Love it, definitely a keeper, and look forward to making (and more importantly eating) it many more times in the future
Rosemary says
Hi Erin, sounds delicious, I will have to try it drizzled with salted caramel, can’t go wrong with that! Glad you enjoyed it. Have a great week. π
Sandra says
Hello!
I was wondering what type/brand gelatine sheets you use?
Rosemary says
Hi Sandra, I used my local store brand (it’s actually a French grocery store chain Carrefour). But i’m sure any gelatin sheets would work, I actually added a link about gelatine maybe you could check that out. Hope it helps.
Christie says
I can’t believe this is no bake. It looks just as rich and creamy as the baked version.
Rosemary says
Thanks Christie, it’s so easy and so good.
Shelby says
Beautiful cake and I love how simple it is!
Rosemary says
Thanks Shelby.
Caroline says
Your pie looks beautiful and just my kind of flavors too.
Rosemary says
Hi Caroline, thank you and I love those flavours too. Have a great day.
Sarah @ What Sarah Bakes says
I absolutely agree! It’s a shame that sharing a meal with others has become such a challenge these days.

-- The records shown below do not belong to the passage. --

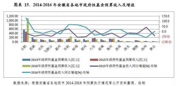 从增速看,2016年合肥市、芜湖市、马鞍山市、蚌埠市、宿州市、亳州市、淮南市和黄山市扭转了2015年政府性基金预算收入大幅下滑的局面,其中蚌埠市、宿州市、亳州市和淮南市均实现两位数增速的大幅增长,合肥市增速更是达133.31%;其余地级市2016年均为负增长,其中降幅较大的地市为六安市和池州市,同比分别下降34.5%和58.2%。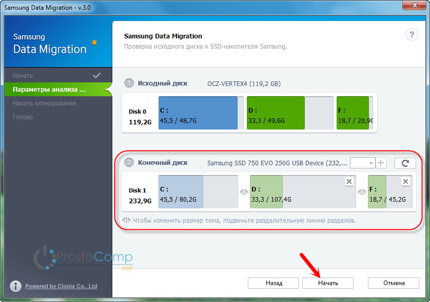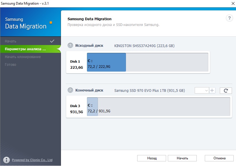 Друзья, подскажите. Приобрел Эво 970 + на 1Т. Хочу клонировать на него системный диск, но при этом разбить новый на 2 раздела, под систему и под все остальное. Но samsung data migration предлагает мне перенести системный диск на весь новый, хотя я из под винды разбил его на 2 нужных мне по объему раздела. Программа не отображает созданные на новом диске разделы! Хотя погуглив я увидел, что вроде как должна. Если удалить всю разбивку, то тоже никак не разбить во время клонирования. Что я делаю не так? Как мне клонировать систему на новый диск и при этом сделать на нем 2 раздела??? Хочу чтобы как на картинке было.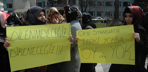 Yargı erkinin, sadece ve sadece HALKIN seçtiği yasama organının çıkardığı yasalar çerçevesinde kararlarını verebileceği unutulmamalıdır. Hiçbir çağda halkın iradesinden bağımsız, yanlışlar ve yasaklar üzerine bina edilmiş uygulamalar hukuk kuralı teşkil edememiştir. Bugün için zorlama yargı kararları üzerinden yasaklar bina etme girişimleri de bu minvalden olup hukuk kuralı teşkil edemeyeceği gibi halkın iradesi karşısında da tutunmaktan kati olarak uzaktır. Biz İnsan hakları savunucusu olarak, başörtülü kadınlar olarak, kendi hakkını savunan sade birer vatandaş olarak bu ülkenin yetiştirdiği genç nesil olarak; artık oylarımızın çantada keklik olarak düşünülmesini reddediyoruz. Siyasi partiler bu hukuka aykırı duruma tepki göstermedikleri müddetçe oy kullanmayı reddediyoruz.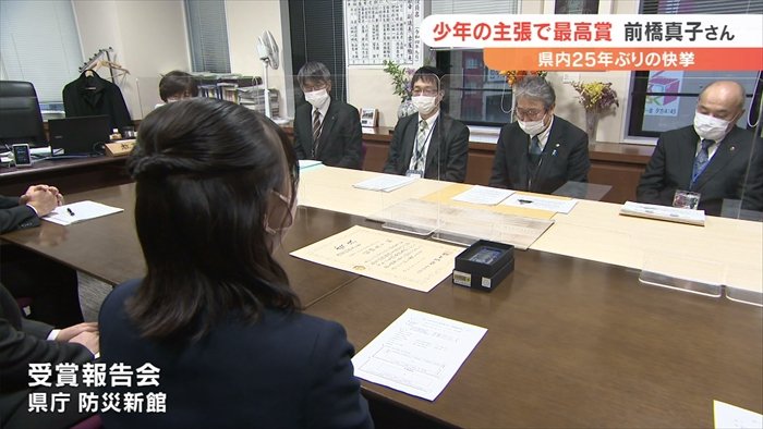 前橋さんは14日、手島俊樹教育長に受賞を報告し、発表へ向け指導を受けながら練習を重ねたことなどを語りました。
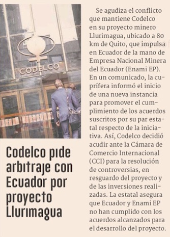 Codelco acusa incumplimiento de Ecuador y solicita arbitraje - (El Mercurio de Santiago)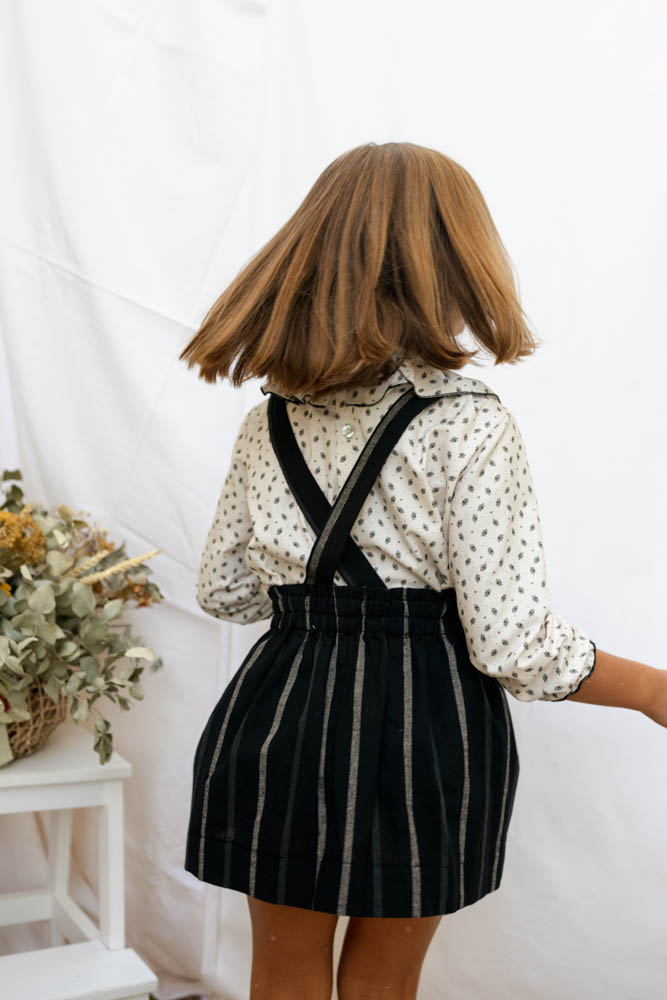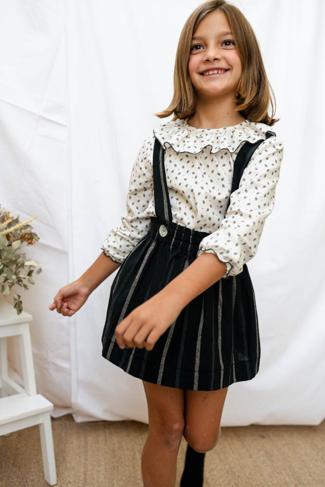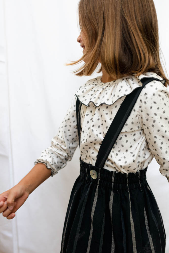 Camisa cuello volantón con fondo claro y estampado color plomo.

This cheesecake is going on my list of things to make, it looks delicious! π
Rosemary says
Hi Sarah, hopefully we can make a bigger effort to eat together, enjoy the pie.
Kristen says
I adore using Greek yogurt in my cooking, this looks like the perfect treat to me!
Rosemary says
Hi Kristen, thanks hope you enjoy it.
Eileen says
I love Greek yogurt. This pie looks so pretty and tasty.
Rosemary says
Thanks Eileen, I love Greek yogurt also.
Ann says
I’ll definitely be making this dessert. This is the perfect time of the year. I think my grandchildren may even like it.
Rosemary says
Hi Ann, thanks again, hope you and your grandchildren enjoy it. Have a great week.

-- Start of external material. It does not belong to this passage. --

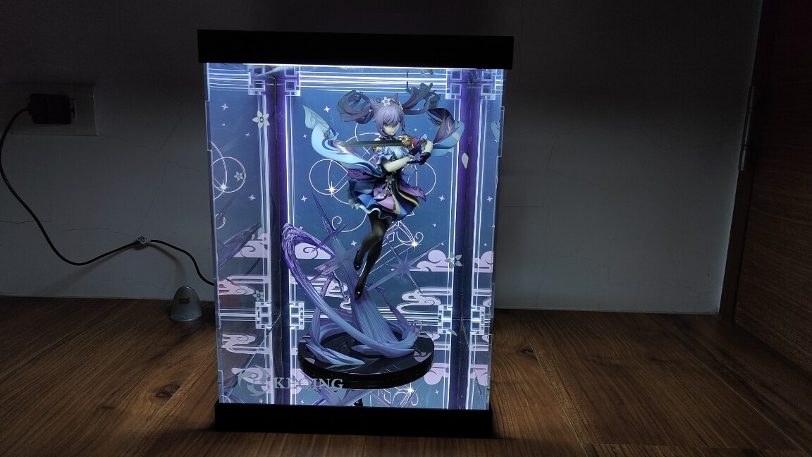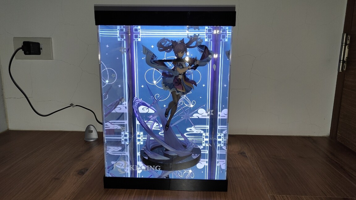 以上是這次的刻晴跟展示盒開盒,這次的刻晴一樣不負眾望有著高品質的表現,不論是細節的塗裝、布料的皺摺、特效的呈現等等都細節滿滿,而這次的展示盒也與之前的設計不同,以命座為背景加上鏡面以及燈光的搭配提升一個新的層次,擺設起來氣勢許多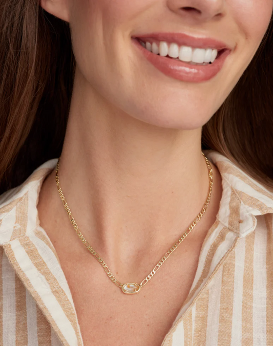 ELISA FIGARO CHAIN SHORT PENDANT NECKLACE GOLD IRIDESCENT ABALONE

Bethany @ athletic avocado says
This greek yogurt pie looks AMAZING! This would be the perfect summer dessert!
Rosemary says
Thanks Bethany, nice and light for the summer.
Marisa Franca @ All Our Way says
I totally believe in families eating together and Sunday was always special in our household. Great recipe and the color is beautiful. Happy Sunday!
Rosemary says
Hi Marisa, thanks and have a great week.
The Finer Cookie/Kim says
It’s my first submission too! We’re starting together. Anyway, I love the look of your pie and I bet it tastes great. Nice post.
Rosemary says
Hi Kim, thanks so much and what a great idea SundaySupper is. Have a great week.
Stacy says
I love the story of how you got your recipe, Rosemary. No matter where I’ve lived, I find myself chatting with folks in grocery stores. It’s amazing what one can learn. Your yogurt pie came out beautifully!
Welcome to Sunday Supper! We are so happy to have you join us.
Rosemary says
Hi Stacy, Thank you so much it is a pleasure joining all of you at the Sunday Supper. And yes I always keep my hears open in the super market. Have a great week.
sherry says
I have never used gelatin sheets–actually never heard of them until I read your recipe. Could I substitute them for the packaged envelope dried gelatin and how much would I use?
Rosemary says
Hi Sherry, ok I discovered this, that 1 envelope of gelatin is equal to 2 1/4 – 2 1/2 teaspoons of powdered gelatin, which is equal to 3 1/2 sheets so therefore you would use about 1 teaspoon. Hope that helps. Happy Sunday.
Renee @ReneesKitchenAdventures says
This looks so good! I’m going to find time to make it!! I am so glad you shared it with us!
Rosemary says
Thanks Renee, hope you enjoy it! And love being part of SundaySupper.